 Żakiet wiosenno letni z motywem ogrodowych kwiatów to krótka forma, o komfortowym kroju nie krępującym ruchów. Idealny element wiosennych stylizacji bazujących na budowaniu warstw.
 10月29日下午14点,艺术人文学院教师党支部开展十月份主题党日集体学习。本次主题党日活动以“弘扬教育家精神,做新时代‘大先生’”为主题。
* * *
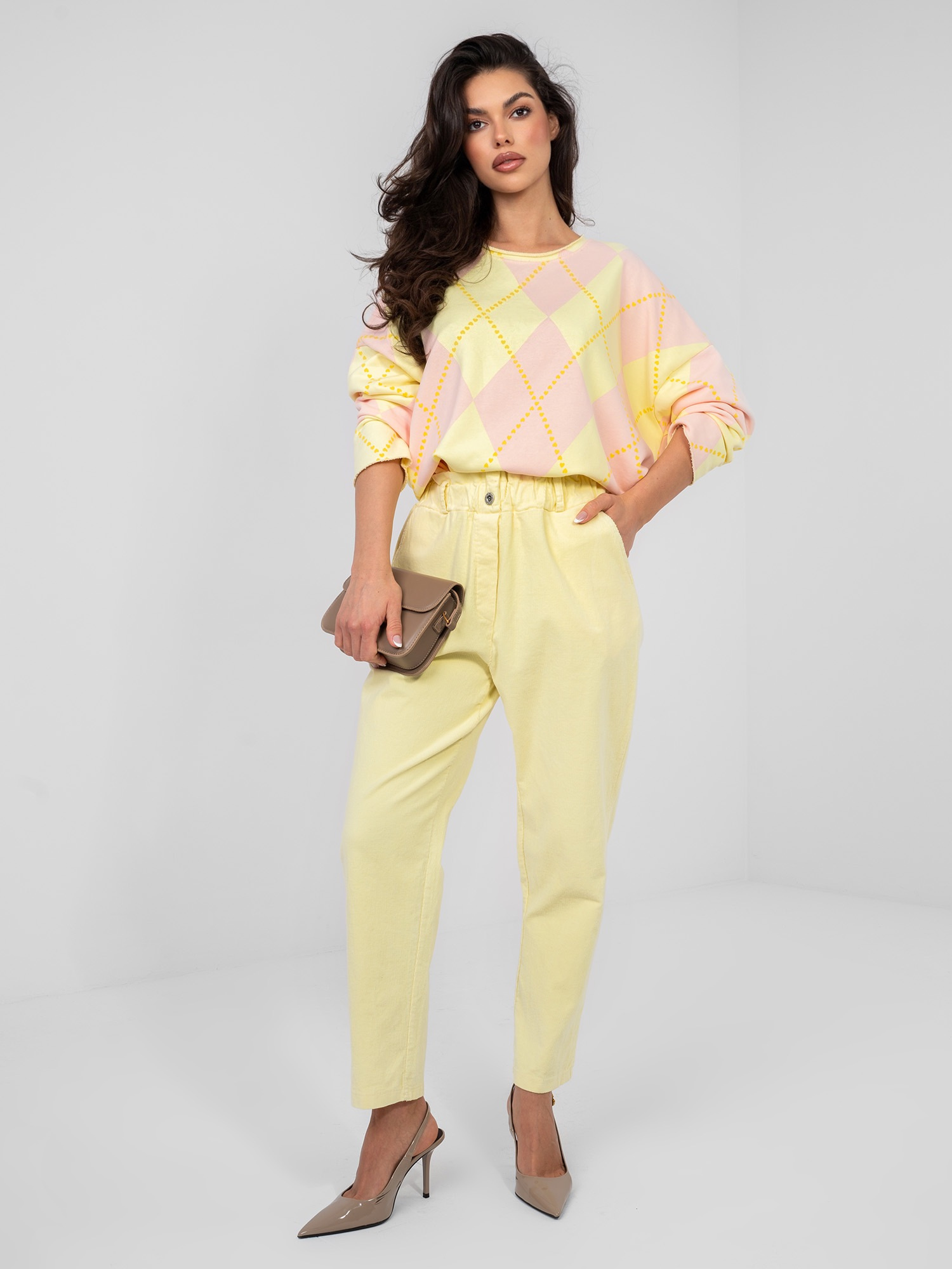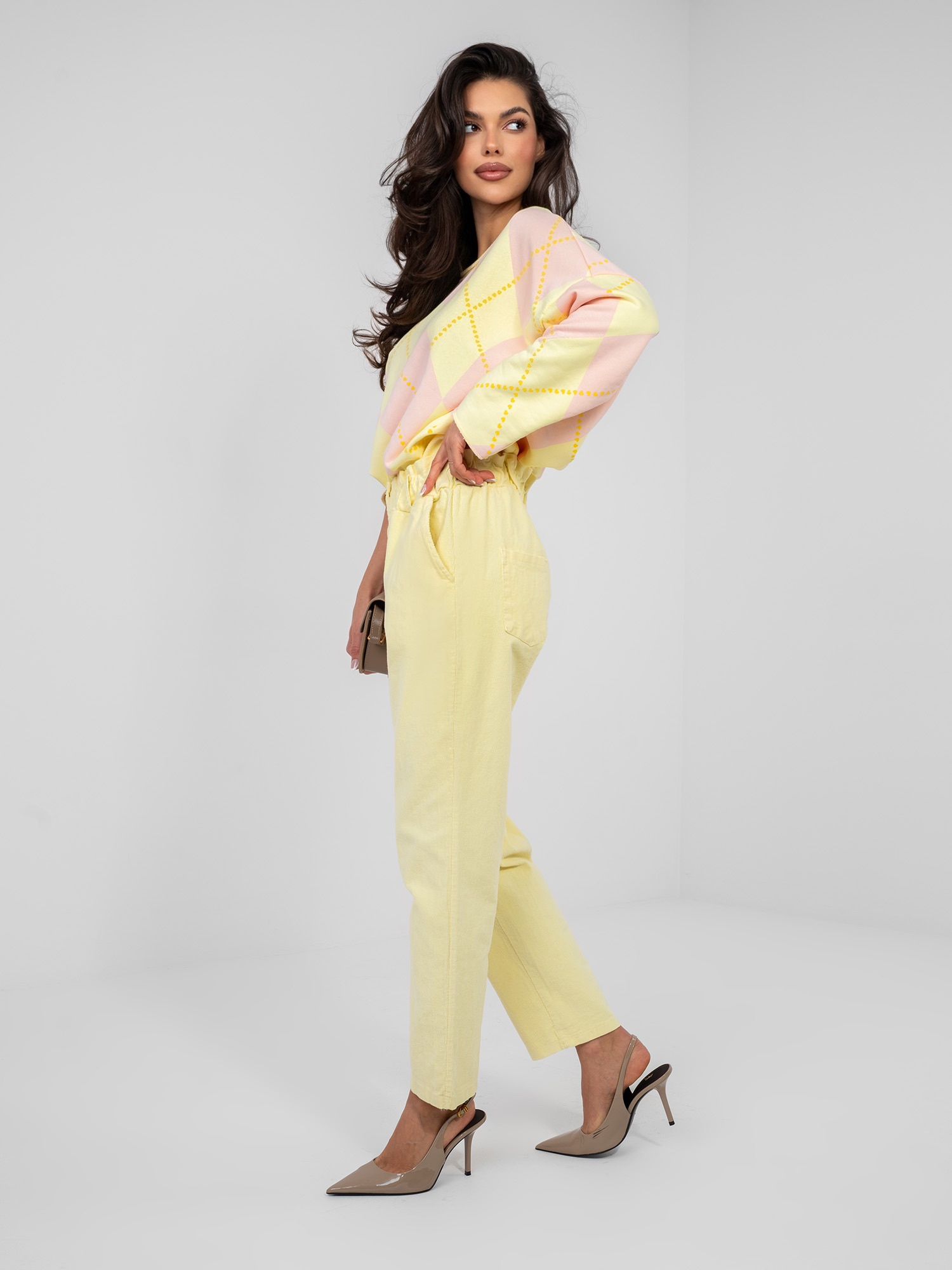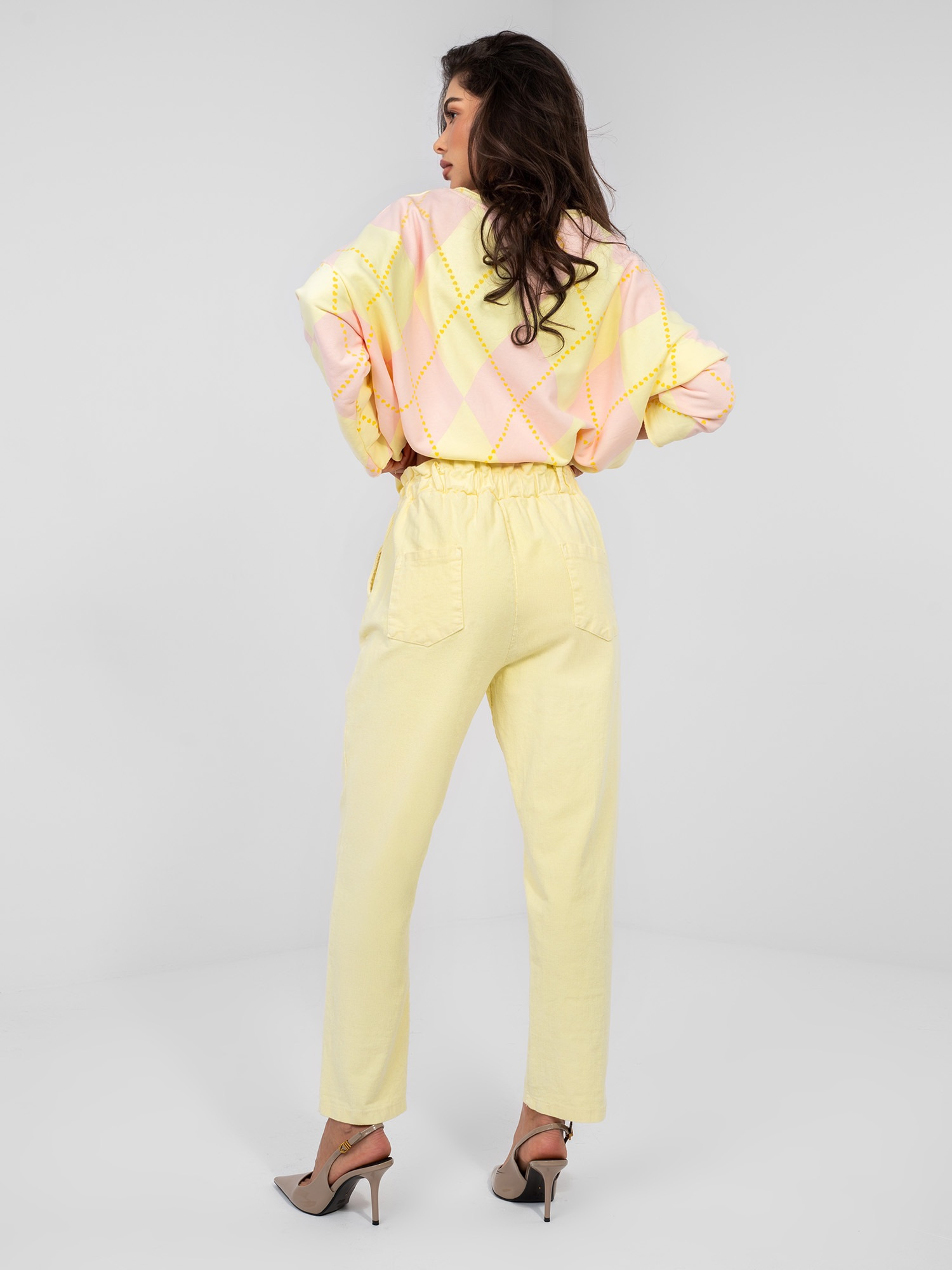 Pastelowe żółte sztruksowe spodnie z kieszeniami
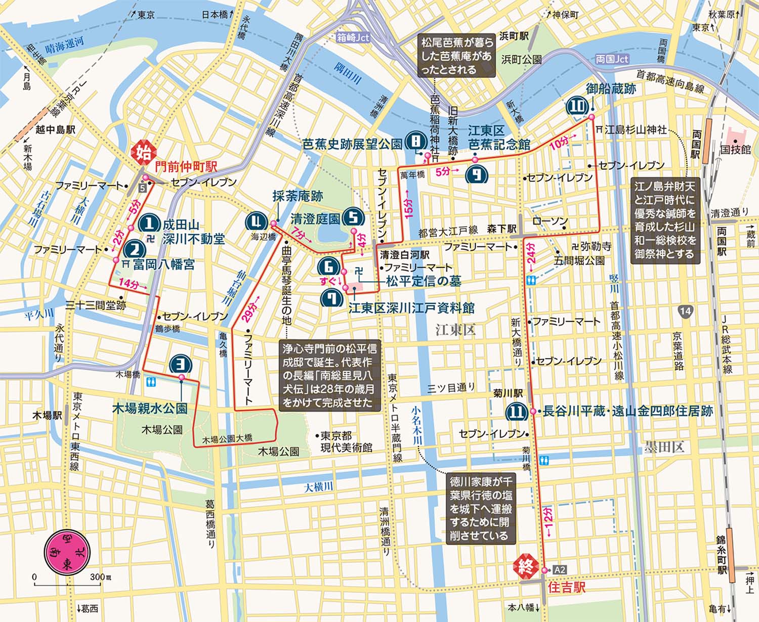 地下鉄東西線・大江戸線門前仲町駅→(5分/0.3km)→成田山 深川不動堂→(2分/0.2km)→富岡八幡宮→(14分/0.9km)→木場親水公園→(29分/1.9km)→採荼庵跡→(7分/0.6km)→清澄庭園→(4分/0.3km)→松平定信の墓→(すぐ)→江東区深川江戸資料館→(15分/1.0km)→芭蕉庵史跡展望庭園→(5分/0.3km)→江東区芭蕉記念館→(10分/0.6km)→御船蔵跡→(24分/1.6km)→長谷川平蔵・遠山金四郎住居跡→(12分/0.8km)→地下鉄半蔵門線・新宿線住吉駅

What to work on ->
Pictures in the entries do not go into the copy. Print only the lines starting at the one containing "Pastelowe żółte sztruksowe" and ending at the one containing "地下鉄東西線・大江戸線門前仲", exactly as they appear.

Task result ->
 Pastelowe żółte sztruksowe spodnie z kieszeniami
 地下鉄東西線・大江戸線門前仲町駅→(5分/0.3km)→成田山 深川不動堂→(2分/0.2km)→富岡八幡宮→(14分/0.9km)→木場親水公園→(29分/1.9km)→採荼庵跡→(7分/0.6km)→清澄庭園→(4分/0.3km)→松平定信の墓→(すぐ)→江東区深川江戸資料館→(15分/1.0km)→芭蕉庵史跡展望庭園→(5分/0.3km)→江東区芭蕉記念館→(10分/0.6km)→御船蔵跡→(24分/1.6km)→長谷川平蔵・遠山金四郎住居跡→(12分/0.8km)→地下鉄半蔵門線・新宿線住吉駅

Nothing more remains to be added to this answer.